REVIEW: The Season of Migration by Nellie Hermann

Nellie Hermann’s The Season of Migration takes as its subject, the early life of Vincent van Gogh, a historical figure who — as are perhaps all figures of his historical caliber — is a genre in and of itself. Rather than focusing on well-trodden imagery surrounding the painter’s life — the depression, the mutilation, and the work — Hermann departs from the layman’s conventional wisdom of van Gogh and details a year-long deviation from his artistic study that, if we’re to take Hermann at her word in the novel’s back matter, takes its cue from historical circumstance.
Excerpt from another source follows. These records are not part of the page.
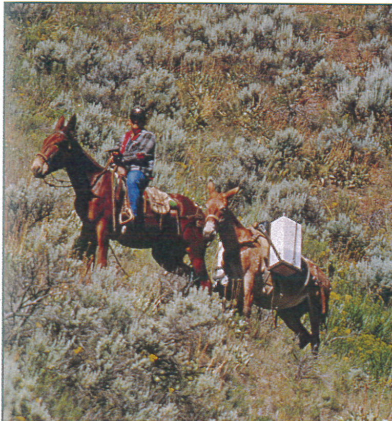
Mules carry equipment into remote areas to conduct selective spraying. Catching small infestations early is the most effective approach.

Early eradication of a small infestation will save significant time and money and will be more successful than attempts to eradicate the infestation after it becomes substantial. An expansive infestation should be contained by preventing the edges from advancing, with long-term control efforts, such as biological control, focused on the core.
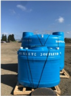
Pump station plumbing arriving on site
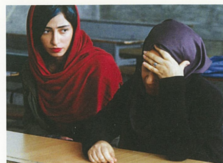
After the Class
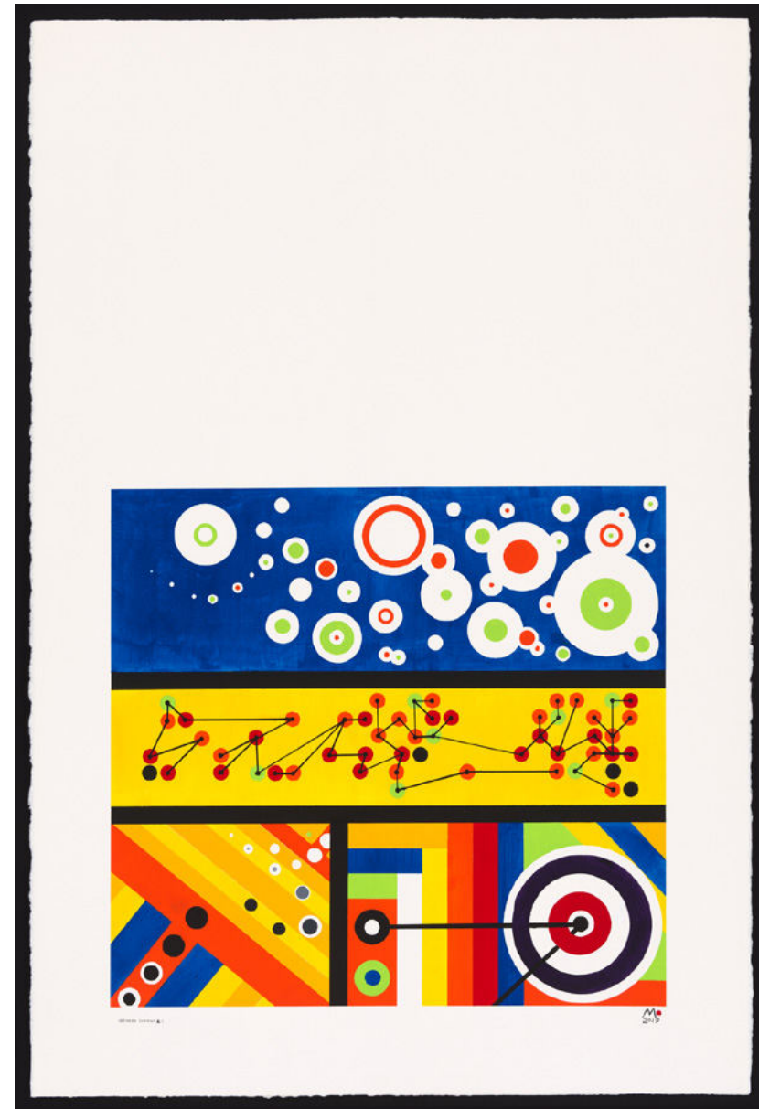
Symphony No. 1 by Mo Willems
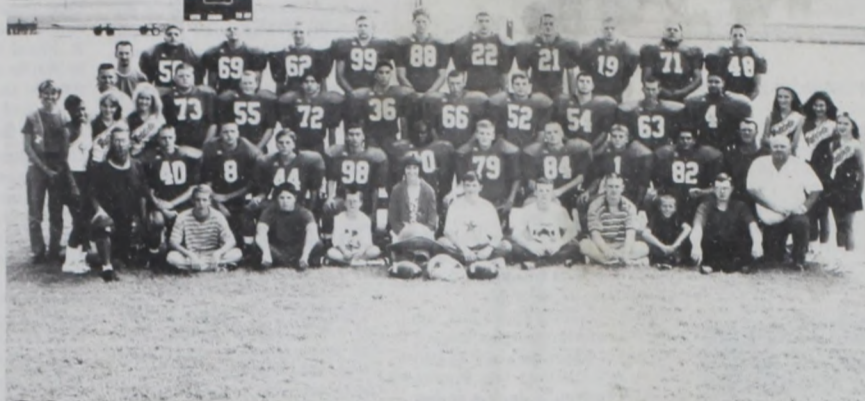
1998-99 VALLEY PATRIOTS
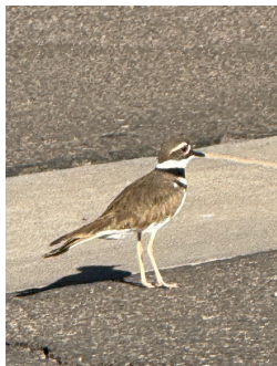
Killdeer Standing in Am Lutheran Parking Lot 11/12/23 Sun City, Arizona
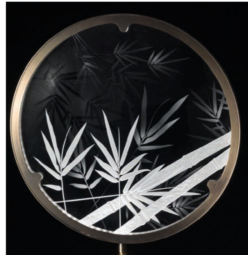
Samples of handmade engraving on Murano glass. Customizable decoration – also upon customer's design.
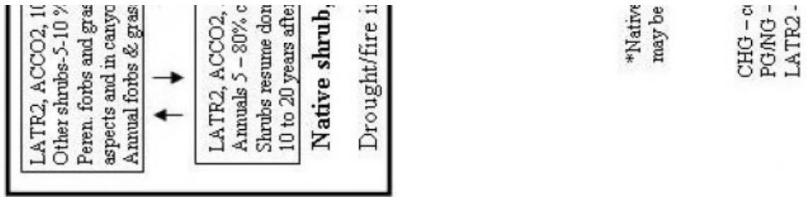
Figure 4. State and Transition, Basalt Hills 8-12" pz.
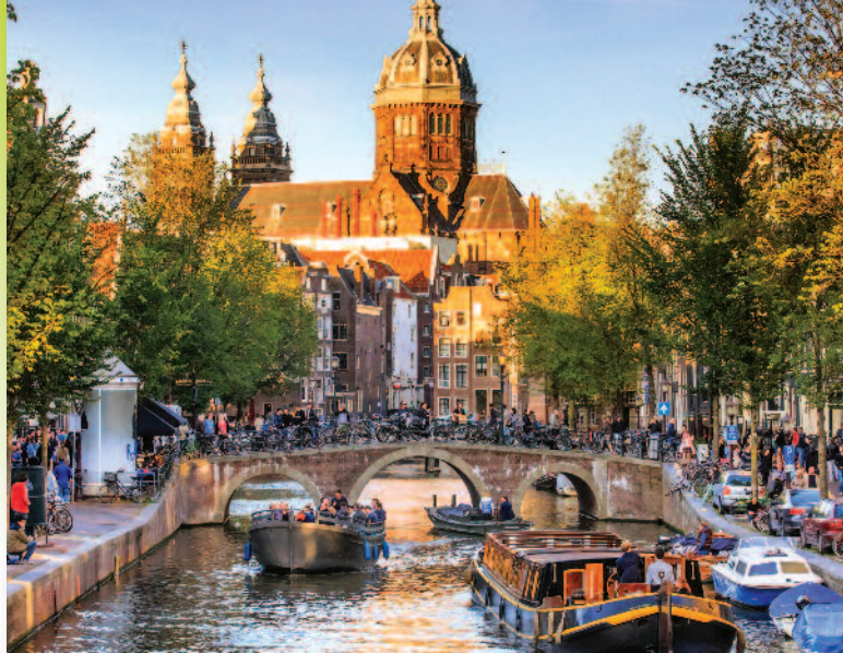
Left: Amsterdam Below: Flower seller

There’s a lack of ingenuity to examining The Season of Migration as a novel of Vincent van Gogh, as its setting — an 1870s-era Belgian mining camp — and the language used in the description thereof overwhelms the reader more than any other of the images one might expect in a novel of a figure who looms so large. The novel’s central drama and movement concerns a young, despondent van Gogh, then a nominally-trained clergyman, who travels to a remote mining community, witnesses first-hand some of the laborer’s horrific conditions (“Man is made in the image of God… which is also the image of grief, of terror, and of fire”) and, just as disastrously, attempts a recovery from heartbreak (“His longing was his constant companion; it was the heat in his heart all day long, from the first light of the sun until long after dark. His longing was London, his longing made the whole landscape bright and precious…”). Spoiler alert: it doesn’t end well.

Van Gogh’s itinerate lifestyle sits poorly with his parents and brother Theo, and Hermann’s novel accounts for this fracture by employing a bifurcated narration: chapters alternate between a third-person, past-tense look at van Gogh’s post-mining life (“He especially loved to walk in storms, the sky and the flashing light enhancing the natural drama of the landscape”) and unsent letters from van Gogh to Theo, in which he details his experiences during their estrangement spurred by his spiritual misadventure (“My head is sometimes heavy, and often it burns and my thoughts are confused”).

It’s not difficult to find representative quotes that speak to Hermann’s mastery over either of the two narrative forms. Characteristic of this novel’s language is a care for clear action (“I open my mouth to explain what I see and it is as if what comes out of me is a flurry of bees”), evocative imagery (“The mud beneath my hands was music, it was an ocean, I was controlling waves and landscapes with each plunge of my palm”), and penetrating questions (“Dear Theo, what is the point of being a man if you must stay the same?”); all rendered with deep respect to the crises of faith and labor relations that drive this full, developed story. Hermann’s novel is an exercise in language first and history second; I mean this as a great compliment: Hermann points her novel’s gaze away from what we expect, and sticks her landing in creating a story that holds its own against other labor and period narratives both invented and imagined.

Attempting a novel of such a giant figure is a bit like punching the playground’s tallest bully right in the nose: a showy confidence will get you only so far. But a historical novel as successful as this one — both in scope and in the beauty of its language — reminds us that literature can do anything, and leaves us in awe of the author’s ambition. We have a language here that in its beauty does justice to van Gogh’s own brilliance; and in its structure, justice to the tumult of the painter’s troubled, violent life.